I used to run a lot for exercise in high school. It’s one of the things that I love to do and, unfortunately, I’ve done it enough that my knees are probably my worst joints. This morning I woke up and it was so nice outside. I putzed around on the computer for a while before deciding that I was going for a run today. Because I haven’t run in forever, I had to charge my mp3 player and update the songs on there.
Since I haven’t run in a while, I alternated between running and brisk walking, to give myself a bit of a rest from time to time. I was probably out for about thirty minutes altogether, jogging around the block. Eventually, I want to work up to running up the huge hill down the street, but I know that will take time.

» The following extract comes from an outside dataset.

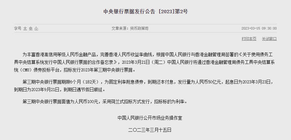 據央視新聞報道,中國人民銀行今日(15日)發布公告,為豐富香港高信用等級人民幣金融產品,完善香港人民幣收益率曲線,根據中國人民銀行與香港金融管理局簽署的《關於使用債務工具中央結算系統發行中國人民銀行票據的合作備忘錄》,2023年3月21日(周二)中國人民銀行將通過香港金融管理局債務工具中央結算系統(CMU)債券投標平台,招標發行2023年第三期中央銀行票據。

Being able to do any physical activity to the point of sweating felt so good. By the time I was done, I had finished a whole liter of water and was dripping sweat. It was the best I’ve felt in a while.

I think that every person is running, metaphorically speaking. We’re all headed towards a specific goal (the hill down the street, that master’s degree, etc) or, at the very least, away from something (pain, depression, personal issues). We often get so busy running our marathons of lives that we don’t stop and think about the things that we have that we should be grateful for.

I’m grateful that I got to run today. What are you grateful for?